Мередит Рэнд, в баре, бросает короткий взгляд на Дриньона.
– То есть не видел дальше поверхности, – говорит он, обозначая, что понимает, о чем она говорит.
Она склоняет голову.
– Но в реальности все – поверхность.
– Твоя?
– Да, потому что под поверхностью только всякие чувства и переживания из-за поверхности, и злость из-за того, как я выгляжу и как влияю на людей, и по правде внутри – только постоянная истерика из-за того, что меня не спасают из-за красоты, что, сказал он, если так подумать, совершенно некрасиво – никому не захочется и близко подходить к человеку в постоянной истерике. Кому это надо? – Рэнд изображает ироничный жест «та-дам». – И вот так, сказал он, я сама устроила, чтобы ко мне как к человеку и влекло только то, что я красивая, из-за чего и была злой, одинокой и грустной.
– Похоже на психологическую западню.
– Он сравнил это с таким механизмом, который бьет током каждый раз, когда говоришь «Ай!» Конечно, он знал про мои сны о механизмах. Я знаю, что просто смотрела на него, прожигала своим лучом смерти, как умеют все вертихвостки в школе, будто если так посмотришь, все просто растают и умрут. А он лежал, закинув ноги на ступеньки, и говорил все это. Губы у него были слегка синеватые – кардиомиопатия лучше не становилась, а на лестнице Зеллера горели эти жуткие трубки флуоресцентного света, от которых он выглядел только хуже; даже не столько бледным, сколько серым, с такой пенистой штукой на губах, потому что на спине не мог отпивать воду из банки. – Ее глаза выглядят так, словно она действительно снова видит его на лестнице в Зеллере. – Сказать по правде, он выглядел противно, страшно, отвратительно, как труп, или как на тех фотографиях, где люди в полосках в концлагерях. Самое странное, что, хоть мне было противно, я одновременно за него переживала.
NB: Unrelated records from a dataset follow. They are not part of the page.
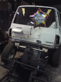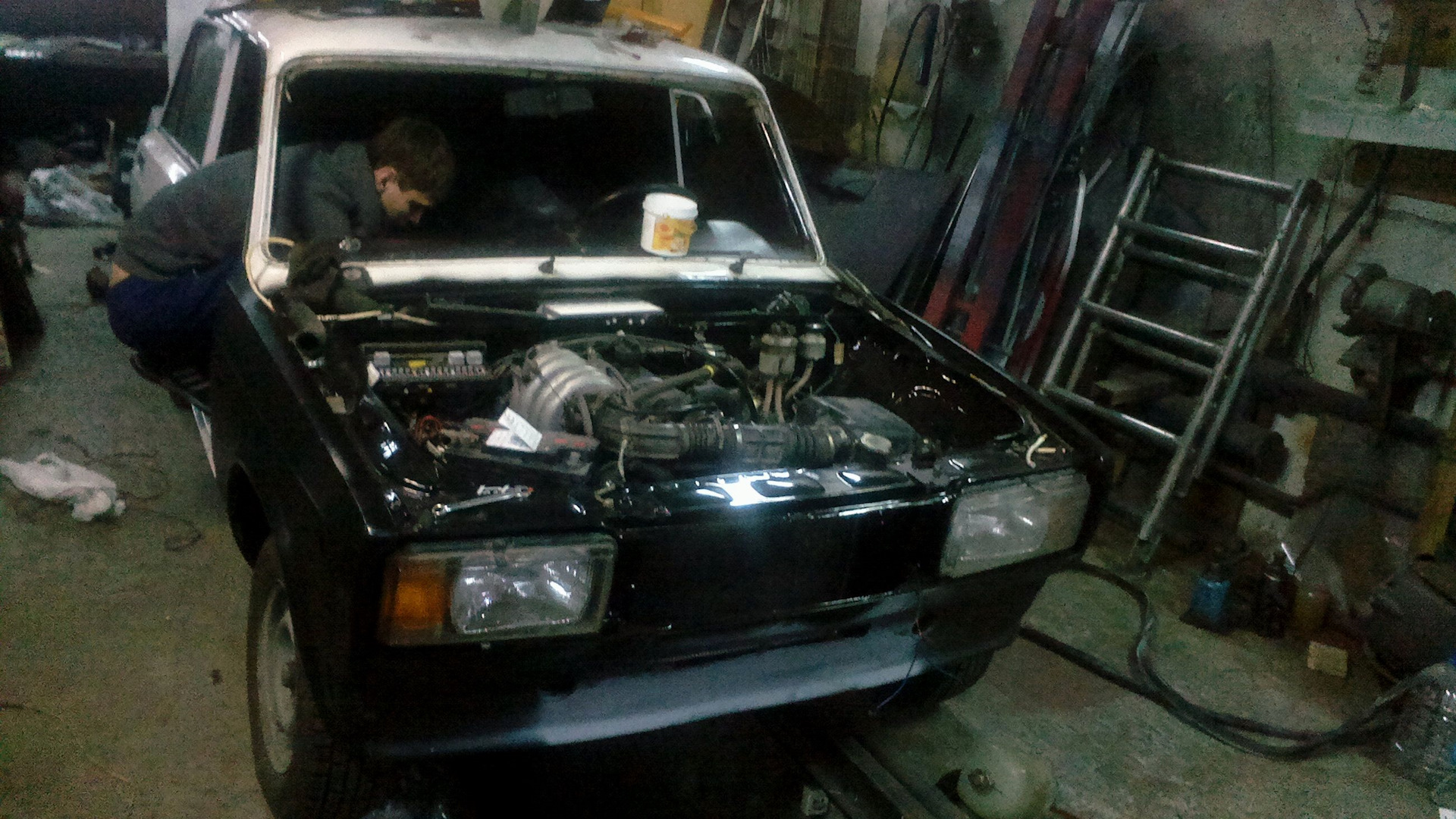 Машина куплена за 13500 ))) ударенная морда, ушел лонжерон, краска частично облезла. Переварил лонжерон, новый телевизор, передние крылья на клепках — легче менять будет =)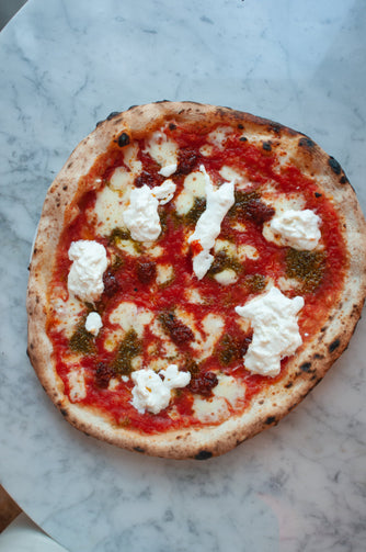 Tomatensauce | Fior di Latte Käse Aus Agerola | ‘Nduja (Würzige, Pikante Italienische Rohwurst) | Hausgemachter Basilikumpesto | Stracciatella di Burrata | Samenöl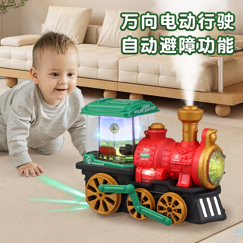 电动蒸汽火车玩具儿童万向喷雾小火车宝宝仿真模型男孩碰碰车3岁2

Он был такой противный, – говорит она. – И я так погрузилась в свою проблему, что и не могу принять настоящий, искренний, несексуальный, или неромантический, или не связанный с красотой интерес, даже если бы он и был, – это он говорил о себе, я знала, хоть он и не говорил прямо; эту тему мы уже давным-давно заездили до дыр, и время истекало, это мы оба знали. Меня выпишут – и я больше никогда его не увижу. Но я все равно наговорила гадостей.
– Ты имеешь в виду, на лестнице, – говорит Шейн Дриньон.
– Потому что в глубине души, сказал он, я сама себя вижу только с точки зрения красоты. Я сама себя вижу такой посредственной и банальной внутри, что не могу представить, чтобы кого-то, кроме родителей, интересовало во мне что угодно, кроме внешности, внешности вертихвостки. Я злюсь, сказал он, что все обращают внимание только на красоту или что только она их и волнует, но, сказал он, это ширма, театр человеческого разума, и реально меня тревожит, что я и сама думаю так же, парни и мужчины относятся ко мне примерно так же, как я реально отношусь к себе, и в реальности я злюсь на себя, только сама этого не вижу, а проецирую на извращенцев, присвистывающих на улицах, или потных пацанов, которые хотят меня завалить, или других девчонок, принимающих меня за сучку, потому что я хвастаюсь своей красотой.
Короткий момент тишины – то есть ничего, кроме шума пинбола, бейсбольного матча и расслабляющихся людей.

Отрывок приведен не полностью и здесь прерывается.